Bats in Agriculture

Resilience in Practice

Bats in Agriculture

researching bats

Bats play a vital but often unrecognized role in agricultural landscapes. Contributions to pollination, seed dispersal, and insect predation have long been speculated, but only recently has our ability to quantify these benefits occurred. Ecosystem functions, including the supply of services valued by humans (like insect predation by bats) are critical to understanding resilience. Working with bats provides both an estimate of ecosystem services provided by bats to producers, as well as additional information regarding the relationship between ecosystem services and resilience.

photo of man researching a bat

 

How to Operationalize Resilience: Controlling Crop Pests

Bats provide many ecosystem services in agriculture, including predation of night-flying insects, for which they are estimated to save agriculture billions of dollars per year. These savings flow directly and indirectly through economics, ecology, and society in a kind of cascading effect. For example, if populations of bats that feed on crop-damaging insects are increased, fewer controls are required to eliminate the crop pest populations. As fewer insecticidal applications occur, increases in populations of other beneficial insects may also occur (pest-eating insect predators like the Mantis).

As the food web expands and natural processes solidify over time, benefits to other key areas of cropping systems are restored such as the cycling of nutrients and the formation of soil. A healthier soil biome leads to increased nutrient availability for crops and reduced applications of chemical nutrients. Our resilience management approach has reached a milestone: diversity and redundancy.
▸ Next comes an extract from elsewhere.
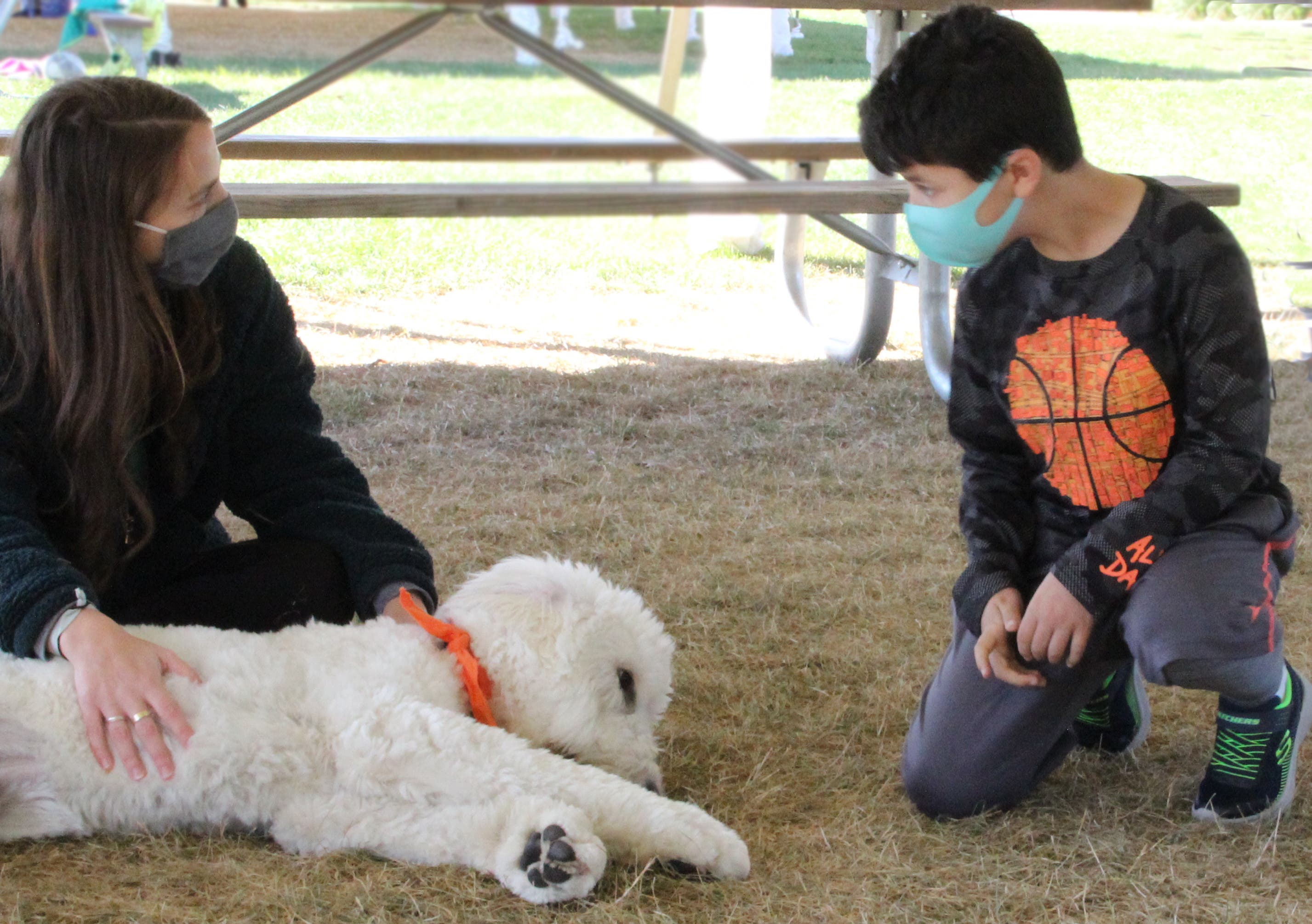 The service dog is specially trained to provide emotional support for students.

How are Bats and Redundancy Related?

When we refer to redundancy, we mean that there are multiple “actors” (in this case, microorganisms, insects, and mammals) contributing to a similar function: crop pest predation. Not only do we have bats seeking crop pests, but there are many bat species, that forage at different times, at different heights and in different habitats; and bat conservation also encourages the conditions for an array of other species, which may also provide benefits to humans. This array of species operate at different scales as well – bats traverse multiple agricultural fields in a given evening, whereas smaller species may spend their entire life on a single corn stalk.
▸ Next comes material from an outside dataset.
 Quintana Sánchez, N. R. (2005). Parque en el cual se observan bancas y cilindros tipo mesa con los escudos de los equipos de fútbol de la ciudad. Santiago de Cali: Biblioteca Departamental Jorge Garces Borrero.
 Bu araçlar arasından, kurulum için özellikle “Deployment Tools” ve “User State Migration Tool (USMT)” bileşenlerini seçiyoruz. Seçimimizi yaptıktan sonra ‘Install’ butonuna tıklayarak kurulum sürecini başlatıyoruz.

In this way, we have created a bundled insurance policy. While our specific objective was to increase predation of crop pests, broadening our approach to include other natural processes allows for other predators to thrive. So, if bat populations decline from diseases like white-nose syndrome, multiple other species still form a robust workforce to continue the control of pest species (i.e., redundancy).

Reviewing the Resilience Approach

This example is a condensed view of how natural systems can be bolstered by farmers, ranchers, and land managers in a way that helps manage the human-built system, including agricultural systems. The key to applying resilience ideas is to manage for the entirety of your natural resources to interact based on the needs of a species or process that underlines important ecosystem services (e.g., crop pest predation), and to manage at multiple scales, for example, individual plants, fields, farms and landscapes.

We started our management with bats as they reside near the top of the crop pest food chain. By assessing and managing the needs of winged-insect predators, we have opened the door for additional species to participate in several areas of crop production: yield enhancement, pest and disease control, and bolstering soil fertility.